Two roadies scurried past me on the sidewalk and tossed a few crates into the cargo bin of what must’ve been the Taj Mahal of buses. Three levels high, wide enough to take up a full lane, and covered in shimmering gold paint, it looked like a bus that had been injected with steroids and given to a Bond villain to dip in gold. How does that thing even fit under bridges?
When the initial awe wore off, numbers began swirling around in my head as I started considering how much it had to cost. Driver, fuel, maintenance, cleaning, and who knew what else. The tour projections in my files indicated profits, but I wondered how that was possible with such an expensive bus. The sight of the glittering behemoth left me with a nagging feeling that this assignment wasn’t going to be easy.
The next thing I knew, Chewie started moving the weird device up and down as if he was scanning me.
"Uh, what are you doing?" I said, instinctively holding up my hands behind my head. "This is all starting to feel a little like the TSA."
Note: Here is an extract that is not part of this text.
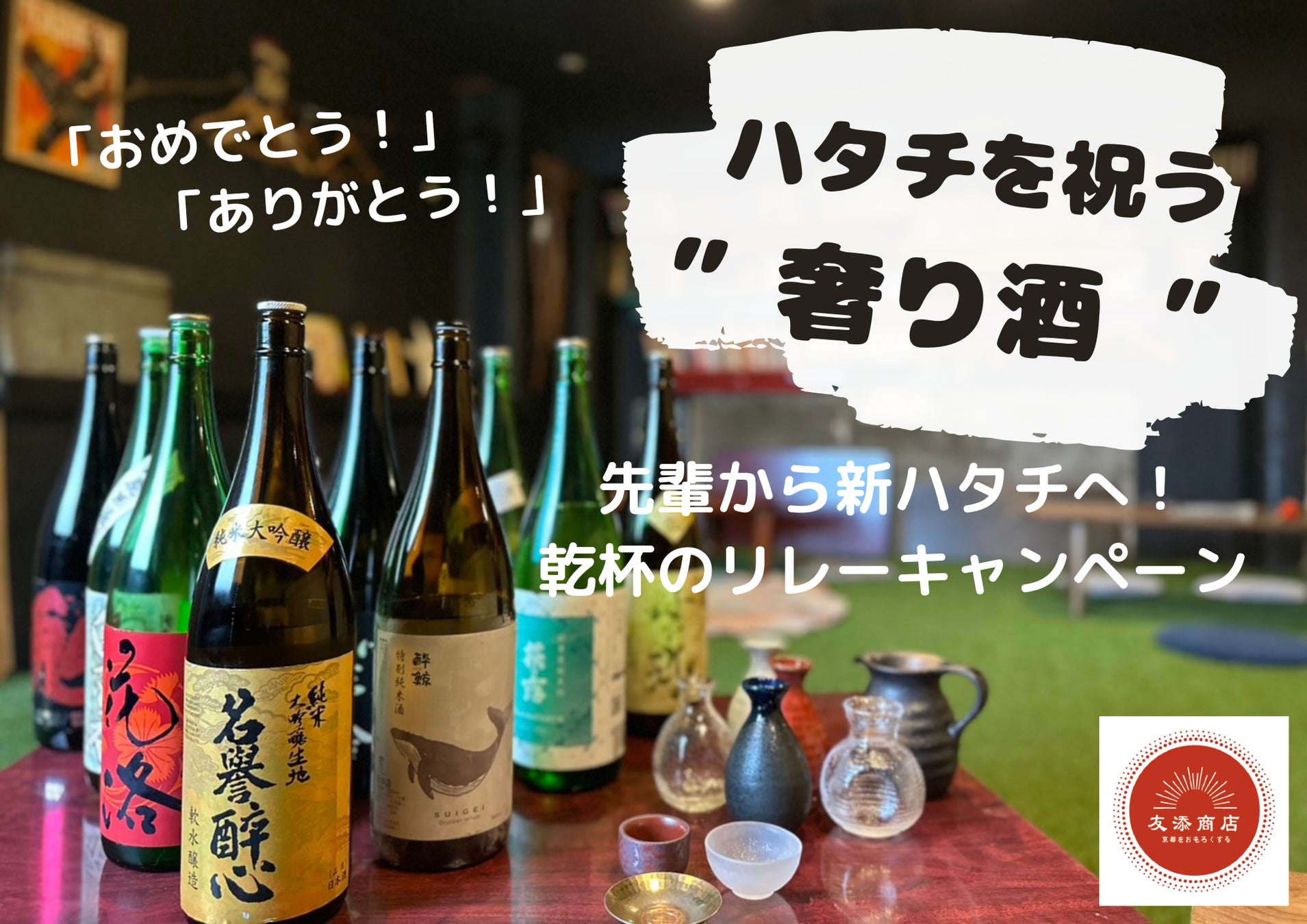 式典参加の対象年齢である平成16年4月2日から平成17年4月1日までにお生まれの方(新ハタチの君)に、当店をご利用のお客さまである「先輩」から、お祝いとしてお酒を奢るリレーです。

"You can leave your hands down," Chewie said nonchalantly. "I’m just checking you out for ghosts. This is the same detector Lady Dada uses when she goes on tour."
I looked at him skeptically. "That has to be a joke, right?"
"For fifty grand, it’d better not be a joke," he said, checking the read-out. "Nope, you’re cool. No ghosts here."
"So why would Lady Dada use a . . . wait, did you just say fifty grand?!" I couldn’t believe that bogus device had cost so much.
"Well yeah," Chewie said as if I was the dense one. "You get what you pay for. No way I’d go with one of those cheap detectors that couldn’t detect a ghost from a thetan. Only suckers would get those."